To ease the development of resource-constrained sensing applications, we present the architecture in Fig. 1(b), wherein a sensing-oriented field-programmable analog array (FPAA) efficiently performs sensor interfacing and information extraction. FPAAs have received increasing attention in attempts to bring the advantages of FPGAs (e.g. rapid prototyping) to traditional analog applications, such as filtering and sensor interfacing [1], [2]. Further work has exploited the complex large-signal behavior of transistors to efficiently map signal processing and classification algorithms into analog circuits [3], [4].

This potential convergence of rapid sensor-interface design with low-power signal processing makes FPAAs enticing for resource-constrained sensing applications. However, the cost of dense analog parameter storage—either high quiescent power to refresh volatile storage or high infrastructure overhead to write nonvolatile storage—limits the use of large-scale FPAAs in low-power systems.

In this work, we present an FPAA for low-power sensing applications. A low-overhead, highly-integrated programming

This material is based upon work supported by the National Science Foundation under Award No. 1148815.



Fig. 1. (a) A conventional sensing system. (b) A sensing system in which an FPAA replaces the sensor interfacing and information extraction blocks. (c) Micrograph of our 25mm² FPAA die. (d) Block diagram of our FPAA development board. Our FPAA consists of an 8x10 array of computational blocks: 8 identical channels and 10 function-specific stages.

architecture has been developed. As a result, only 1–48mJ is required to reprogram, depending on the design which is loaded into the FPAA, thus enabling this FPAA to be used in low-resource systems.
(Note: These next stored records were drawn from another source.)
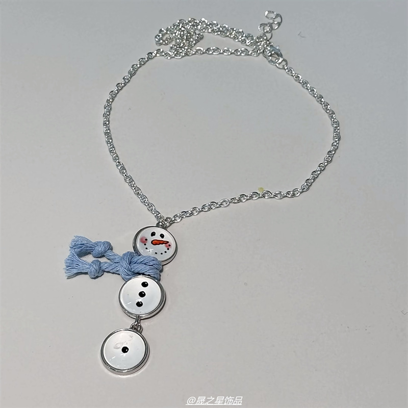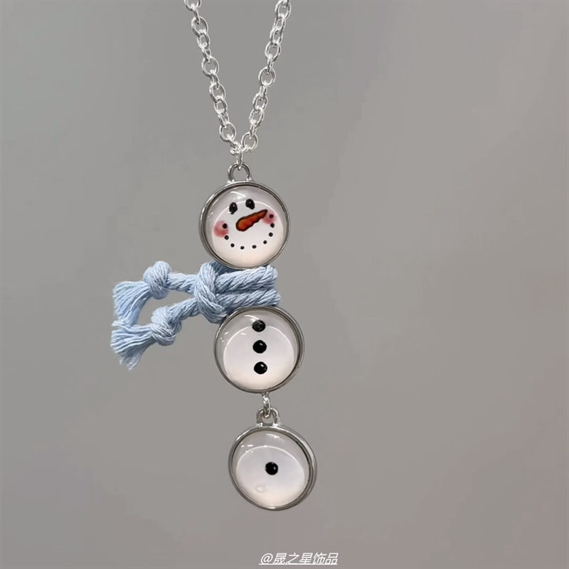 ああ!とてもかわいい〜子供っぽいボタン雪だるまペンダントネックレス絶妙で多用途な秋冬ニッチセーターチェーン
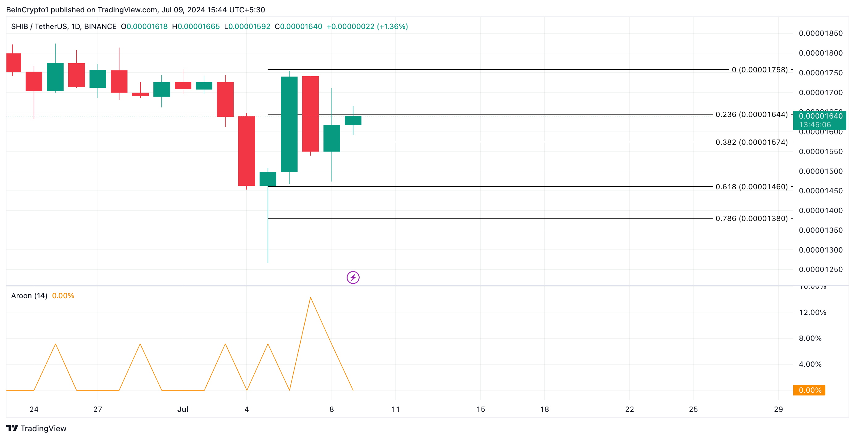 Volgens SHIB’s Aroon Up Line, waargenomen op de dagelijkse grafiek, zou de huidige koersrally van korte duur kunnen zijn. Op het moment van dit schrijven is de waarde van de indicator 0%.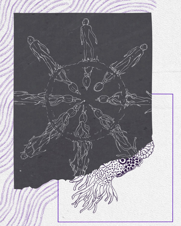 Para Cantos Abisales, hemos imaginado un recorrido que se desprende de la obra teatral Marea Magdalena, creación autoficcional de la dramaturga caleña María Alejandra Morales con quien trabajamos la música de su montaje en el 2023. La obra es sobre una niña poseída por el deseo de ser río.

Additionally, we have designed the signal path architecture specifically for sensing applications to improve performance and resource utilization compared to a general-purpose architecture.

This FPAA is an apt front-end for "persistent sensing" applications, such as contextual awareness and surveillance. In these applications, the system continuously performs low-level data gathering and processing, and only occasionally responds to these low-level operations. By using the FPAA to implement the bulk of the low-level operations—such as sensor interfacing, signal analysis, and event detection—the system design can be simplified and the system power consumption can be reduced.

All plots in this paper depict measurements from our  $25 \text{mm}^2$  FPAA integrated circuit—Fig. 1(c)—that was fabricated in a standard  $0.35 \mu \text{m}$  CMOS process.

#### II. DESIGN OF THE FPAA

## A. Signal path architecture

The circuit primitives, or "computational elements," within an FPAA are commonly grouped into a hierarchy of configurable blocks [5], [6]. Each block may contain various computational elements, and different types of blocks may be included. Prior FPAAs have used homogenous arrays of general-purpose blocks, with no more than three unique block types [6], [7]. In our FPAA, diverse computational elements (listed in Table I) are grouped into nine unique and functionspecific block types for various stages of sensor interfacing and processing. Since our FPAA is designed for sensor preprocessing and event detection, we have adopted a parallelized architecture—shown in Fig. 1(d)—which consists of 80 computational blocks arranged in an 8-channel by 10-stage signal flow. Signal decomposition is performed early in the chain, after which, data are processed in parallel channels, which allows the remaining processing to be low bandwidth and low power.

The switch architecture of our FPAA is essentially an islandstyle architecture as is common in FPGAs [8]. A full-crossbar switch matrix connects the 16 terminals of the computational elements at the block level, and a switch box connects 6 routing tracks between neighboring blocks. Additionally, a long track in each stage/channel routes signals globally. All 20,380 switches are implemented using a transmission gate controlled by a local SRAM bit.

The parasitic capacitance caused by the switch matrix was measured to be 203fF for connections in a single block and 400fF for connections to neighboring blocks—comparable to the floating-gate-based FPAA in [6]. These parasitics are significant, and including too many unbuffered switchable nets in the signal path will reduce performance and increase the ac power consumption.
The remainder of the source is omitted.